Agribusiness’ inadequate and uncaring response — even as it fails to protect workers and track the spread of bird flu — is deeply concerning. Three out of four emerging pathogens found in humans begin in animals, and 60 percent of known pathogens are zoonotic. Yet factory farms exacerbate threats of disease by overcrowding animals in filthy and stressful conditions and feeding them enormous quantities of medically important antibiotics.

Not only is this industry’s harm not being addressed, but factory farming is expanding and intensifying across the country and around the globe.

It’s also worth noting that eggs are used to make vaccines that protect from severe illness—but in addition to the CDC’s warning that our immune systems are not prepared for H5N1, there is concern that the reliance on eggs for flu vaccines may become a problem as more birds become ill. Furthermore, the presence of the disease could be worse than we estimate, since U.S. labs are reportedly not effectively using the more than one million bird flu tests available to them. 

As we learned with COVID, it is challenging to understand where and how diseases originate, evolve and spread.
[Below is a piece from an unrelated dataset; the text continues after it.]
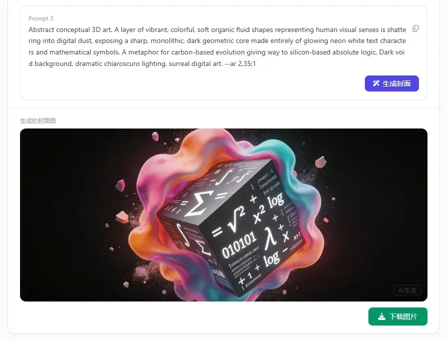 6、最后,再根据本文的核心内容提炼2-3个关键内容点,并生成封面图片的文生图prompt,统一尺寸比例2.35:1,用户选定某个prompt后,调用生图模型一键生成封面图片。
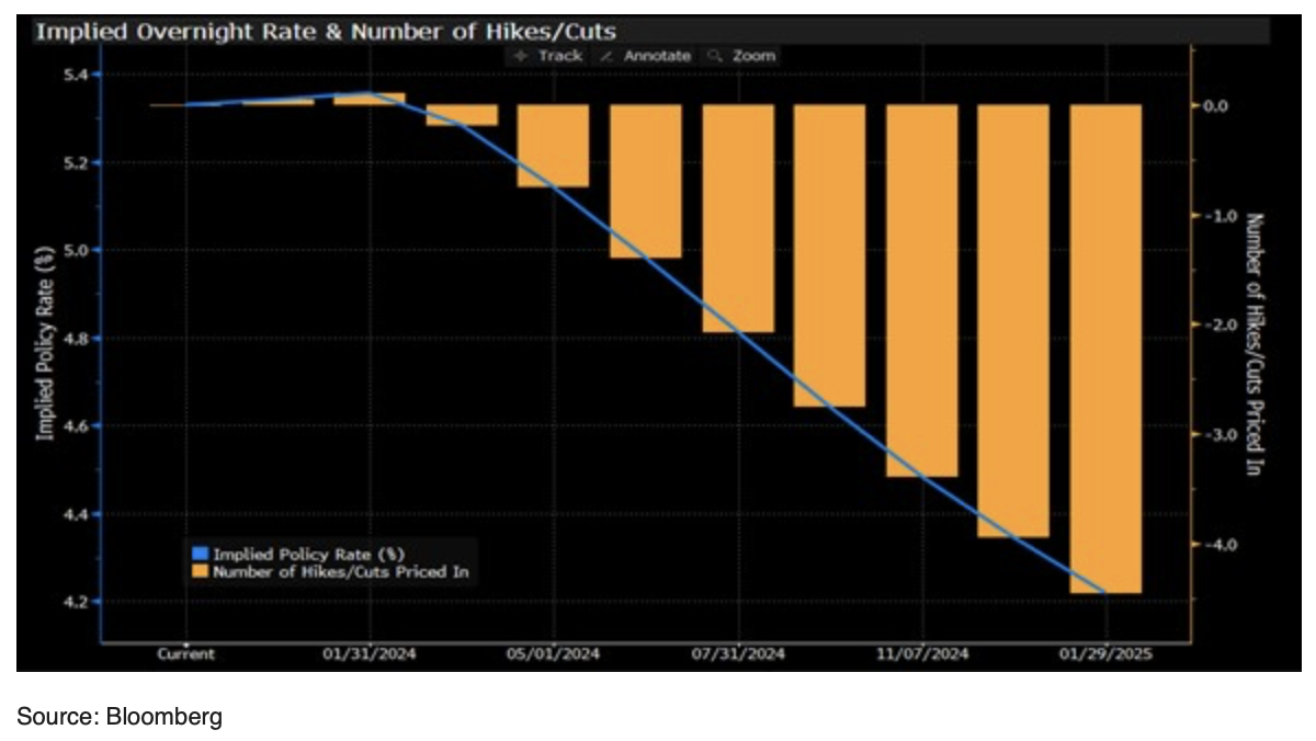 The market prices a first rate cut in the second quarter followed by three further cuts over the rest of 2024.

This situation is further complicated when irresponsible actors hide or fail to share critical evidence. Like the tobacco industry, factory farms dislike transparency, and they don’t want to be held accountable for their imprudent conduct.

So-called ag-gag laws prevent consumers from learning about wanton animal cruelty, and they’ve encouraged a “don’t look, don’t find” approach to investigating diseases. Of course, not finding evidence of bird flu does not prove that the disease is absent; it could result from inadequate testing. In Michigan, more cases of bird flu have reportedly been found not because the spread is worse there, but because officials are actively testing more animals and people and incentivizing testing on farms.
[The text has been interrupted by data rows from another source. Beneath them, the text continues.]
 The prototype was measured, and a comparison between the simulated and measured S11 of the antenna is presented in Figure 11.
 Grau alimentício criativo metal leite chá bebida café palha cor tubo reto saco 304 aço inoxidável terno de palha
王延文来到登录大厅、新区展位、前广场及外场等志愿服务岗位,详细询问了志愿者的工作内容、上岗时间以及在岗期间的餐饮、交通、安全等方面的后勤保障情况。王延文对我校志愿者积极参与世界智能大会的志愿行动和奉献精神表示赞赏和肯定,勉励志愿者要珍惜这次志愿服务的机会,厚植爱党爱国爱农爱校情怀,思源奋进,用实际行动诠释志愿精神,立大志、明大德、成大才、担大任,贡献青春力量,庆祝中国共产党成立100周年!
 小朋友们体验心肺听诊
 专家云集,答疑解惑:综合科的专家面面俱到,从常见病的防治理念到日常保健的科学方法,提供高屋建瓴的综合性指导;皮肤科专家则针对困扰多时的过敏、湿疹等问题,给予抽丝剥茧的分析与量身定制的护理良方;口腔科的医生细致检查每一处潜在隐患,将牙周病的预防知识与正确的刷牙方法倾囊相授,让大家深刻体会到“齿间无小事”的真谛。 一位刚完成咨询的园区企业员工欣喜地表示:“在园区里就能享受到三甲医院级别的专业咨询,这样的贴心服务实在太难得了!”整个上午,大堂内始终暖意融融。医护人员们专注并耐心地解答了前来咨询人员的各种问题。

Sick animals on farms are commonly denied necessary veterinary care, and they are hardly ever tested for contagious microbes. Instead, animals with illnesses are culled and sent to slaughter to be used for human food.
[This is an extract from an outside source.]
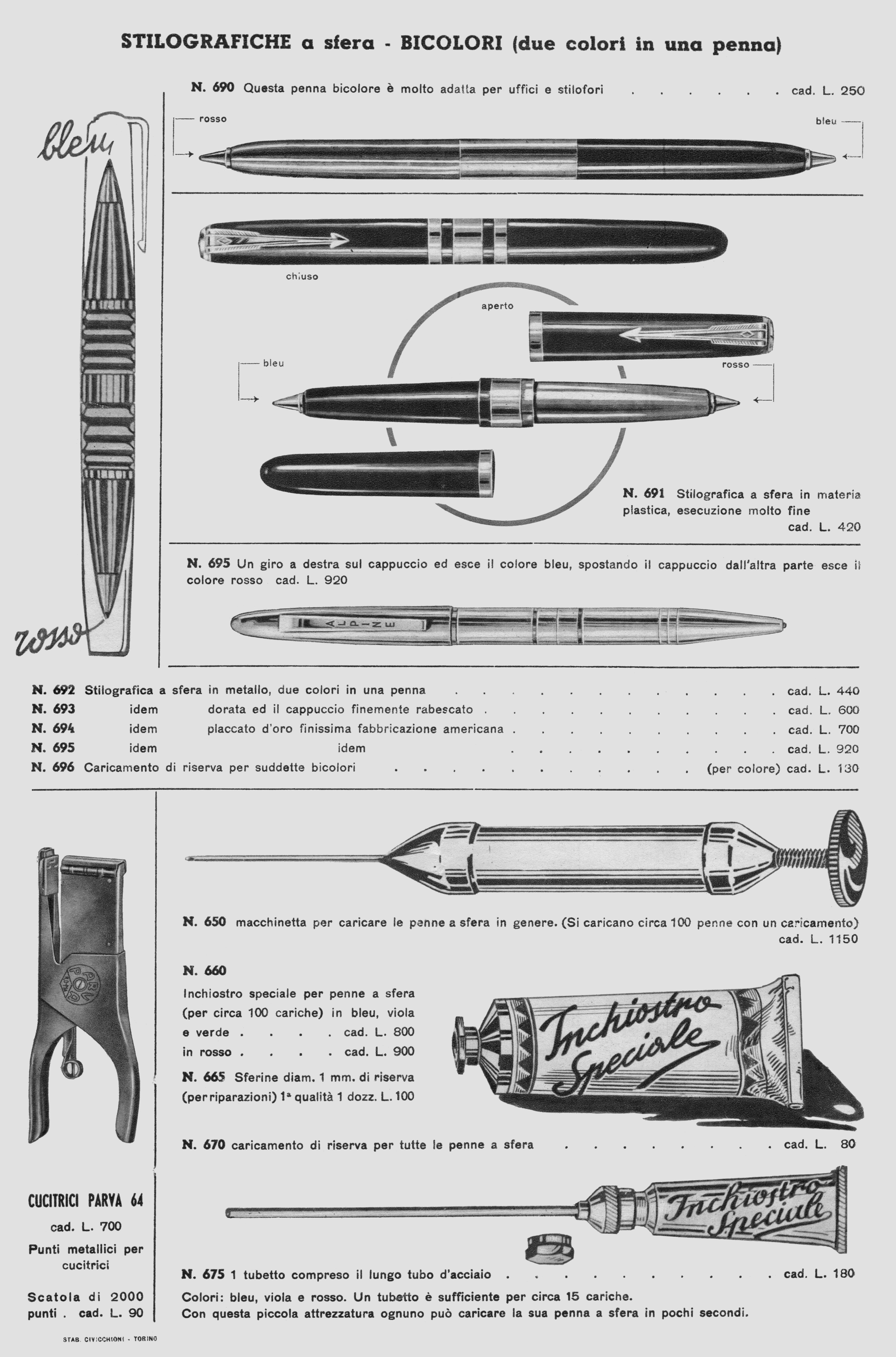 Scanning of a listing from Original Goldmichel dated 1949-03. Retouched by the author for a better sharpness. Date directly visible. Fourth page. Lists ballpoints and other stationery.

The concerns around bird flu are increasing, but dairy farmers are refusing to share information with health officials. They often refuse even to test for bird flu in the first place, making it more difficult to track and prevent the disease from spreading and becoming more dangerous. Recent research shows that bird flu remains transmittable on milking equipment for at least one hour—another sign that farm workers must be given the protection they are often denied.

I feel awful for dairies and other farmers worried about losing their income and livelihoods, but withholding this information could put billions of lives at risk. Ultimately, we need to reform agriculture to mitigate disease risks and to recognize that our health is intertwined with the health and well-being of other animals and the environment.

Factory farming is a breeding ground for disease. It seeks short-term profits and creates long-term threats while abusing animals and squandering precious resources. It destroys ecosystems and biodiversity, contributing to the climate crisis and making our earth less resilient. It depends on antibiotics, vaccines and other pharmaceutical interventions to keep animals alive and growing in unhealthy conditions, spurring the evolution and emergence of new pathogens and antibiotic-resistant microbes. 

Bird flu is circulating in wild and domesticated animals, and more human cases are emerging. This outbreak can serve as a canary in the coal mine, allowing us to pay attention, understand the consequences of our actions, and then make necessary adjustments. We must end factory farming and support a healthier, more resilient, sustainable plant-based food system. There’s no time to waste.

Gene Baur is president and co-founder of Farm Sanctuary, the world’s premier farm animal sanctuary and advocacy organization, and author of the books “Farm Sanctuary: Changing Hearts and Minds About Animals and Food” and “Living the Farm Sanctuary Life.”